In this model, we will build an Ordinary Least Squares (OLS) Regression [1] model using predictors selected from feature selection.

X_train_log = sm.add_constant(train_x_log)
global_ols = sm.OLS(train_y_log, X_train_log).fit()

global_ols.summary()

Analysing the model summary, we can see that:

The Adjusted R2 of our global model is 95% which means that 95% of variation in provider count can be explained by our model.

The p-value of F-statistic is less than 0.05 which shows that atleast one of the predicting variables has predicting power on the variability of Provider Count.

The p-values of individual variables determine which variables are statistically significant.
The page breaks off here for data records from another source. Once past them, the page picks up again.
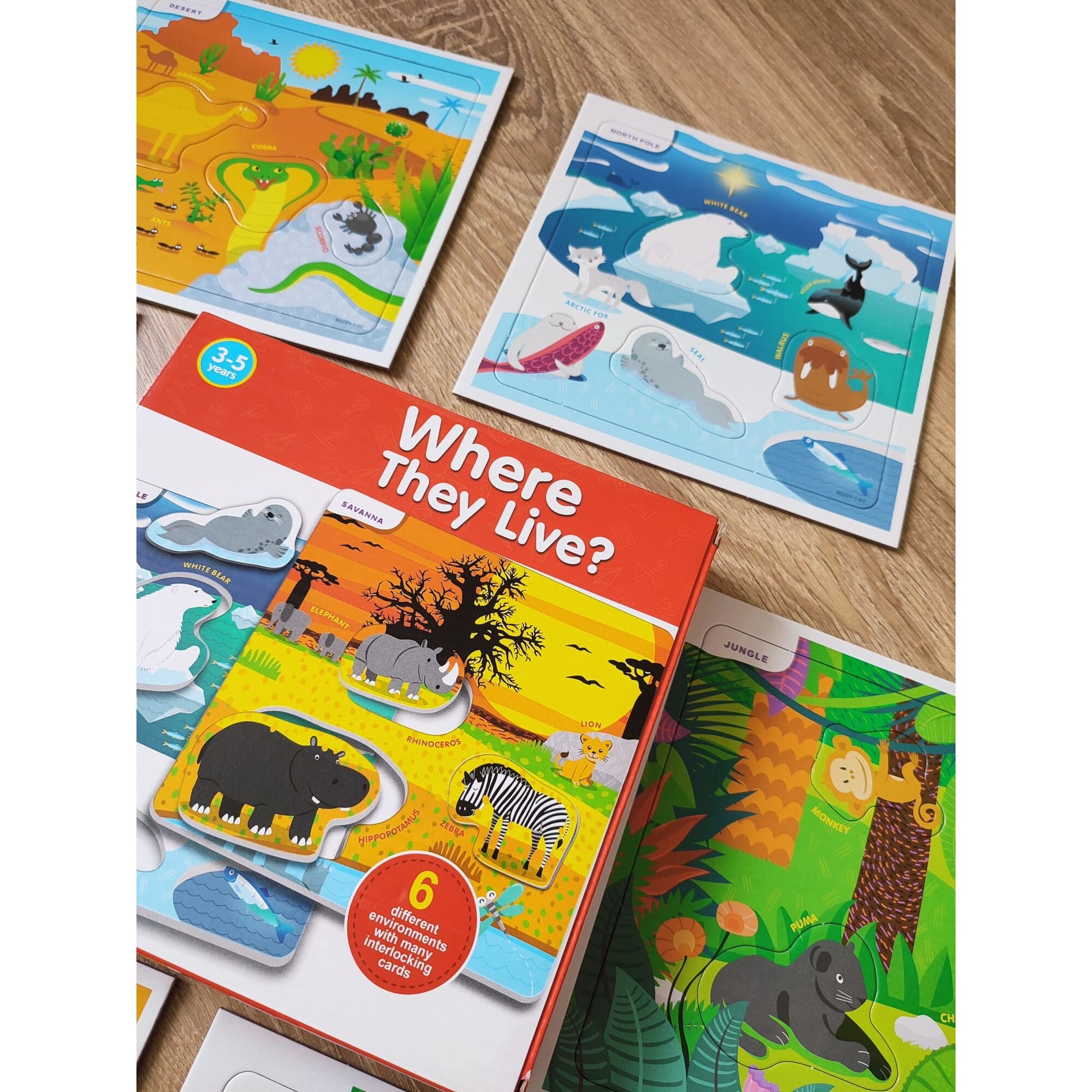 Играта съдържа 6 пъзела с имената на животните и местообитанието, където живеят: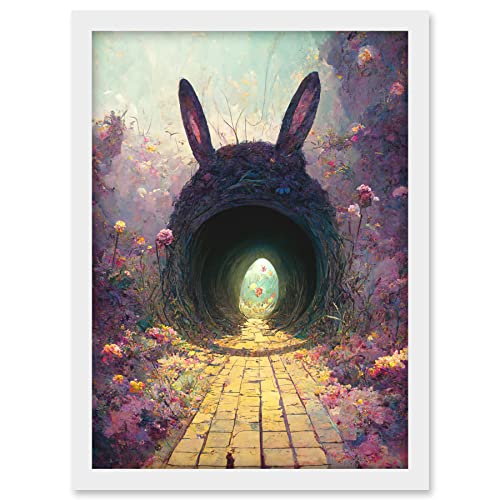 Doppelganger33 LTD Down The Rabbit Hole Alice In Wonderland Easter Bunny Tunnel Artwork Framed Wall Art Print A4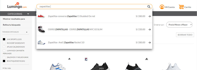 ¿Quieres ir un paso más allá? Tome como ejemplo a Lumingo, que es una de las tiendas online que ah implementado la búsqueda visual con auto completar. Dado que las compras en linea continúan creciendo, esta es una excelente manera de facilitar la búsqueda de productos.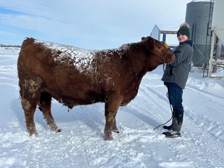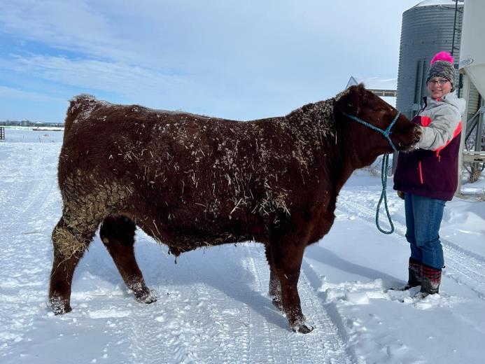 My name is Lily Swan and this is my 6th year in 4-H. I am in grade 11 and I am the treasurer for the Gilby Beef 4-H Club this year. I picked out this roan Hereford cross from my neighbour’s herd because I had been eying him up all summer and I liked his size and colour. I named him Sparky because he’s got a bit of an attitude. I think Sparky will reach about 1285 pounds for the show and sale in June. I feed him grain and hay twice a day with my brother’s steers. Thank you to my buyer BRAMALL OILFIELD HAULING LTD. for purchasing my steer from last year. Feeding, caring and training the steers all year is a lot of work, but my favourite part is always showing off the finished product at the end of the year at the show and sale! Hope to see you all there!

The equation below is the final regression equation for our model showing statistically significant variables and their coefficients. Note that both dependent and independent variables are log transformed.
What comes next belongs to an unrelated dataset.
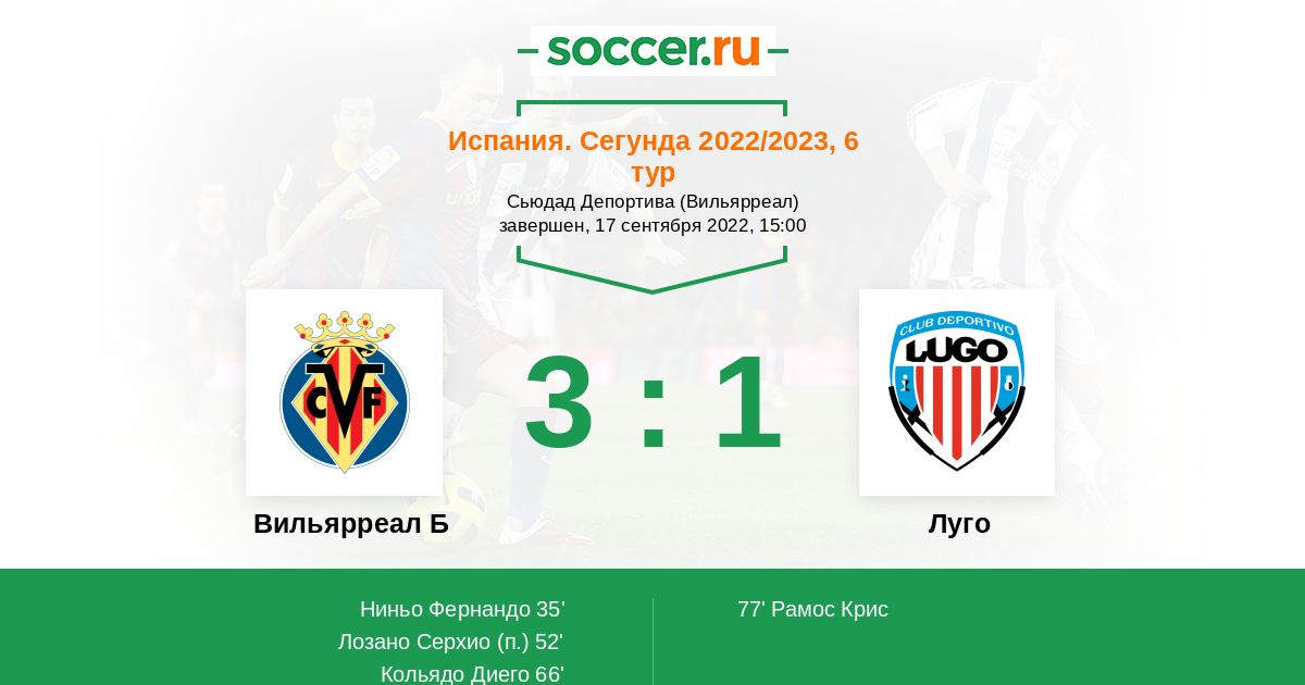 Протокол матча Вильярреал Б против Луго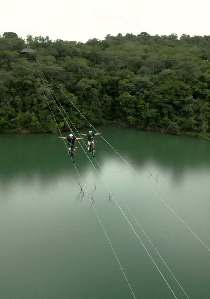 A primeira tirolesa de bike do Centro-Oeste terá 290 metros de extensão, cruzando o Lago Corumbá e proporciona uma vista privilegiada para quem gosta de aventuras

# Plot coefficients picked by model along with their importance
import matplotlib
matplotlib.rcParams['figure.figsize'] = (8.0, 10.0)
global_ols.params[1:].sort_values(ascending=False).plot(kind='barh')
plt.title('Model Coefficients - Global Model');

Regression Equation

$$ \begin{equation*} provider\_count = 0.1668*minority\_pop + 0.2330*grad\_deg + 1.1271*total\_population - 0.0523*edubase + 0.4684*percap\_income\\ + 0.0846*asso\_deg + 3.3141*avg\_medicare - 0.0277*pop\_density - 2.7010*avg\_hhsz - 0.2686*white\_pop + 0.0087*unemp\_rate\\ - 0.9122*median\_age + 0.0319*otherace\_pop + 0.0294*some\_college - 3.9498*avg\_presdrug - 0.4264*avg\_socsecurity\\ + 0.0608*asian\_pop + 0.0059*bach\_deg - 0.1246*black\_pop - 0.1045*hisp\_pop \end{equation*} $$

# Model Interpretation
coef = 1.1271
((1.01**coef)-1)*100

1.1278141976397205

Model Interpretations [9]:

𝑚𝑖𝑛𝑜𝑟𝑖𝑡𝑦_𝑝𝑜𝑝 - The coefficient is 0.1668. We can say that for 1% increase in minority population, Provider Count will increase by 0.17% ((1.01^coef-1)*100) holding all other predictors fixed.

grad_deg - The coefficient is 0.2330. We can say that for 1% increase in graduate degree holders, Provider Count will increase by 0.23% holding all other predictors fixed.

𝑡𝑜𝑡𝑎𝑙_𝑝𝑜𝑝𝑢𝑙𝑎𝑡𝑖𝑜𝑛 - The coefficient is 1.1271. We can say that for 1% increase in total population, Provider Count will increase by 1.127% holding all other predictors fixed.

edubase - The coefficient is -0.0523. We can say that for 1% increase in education base, Provider Count will decrease by 0.05% holding all other predictors fixed.

𝑝𝑒𝑟𝑐𝑎𝑝_𝑖𝑛𝑐𝑜𝑚𝑒 - The coefficient is 0.4684. We can say that for 1% increase in per capita income, Provider Count will increase by 0.47% holding all other predictors fixed.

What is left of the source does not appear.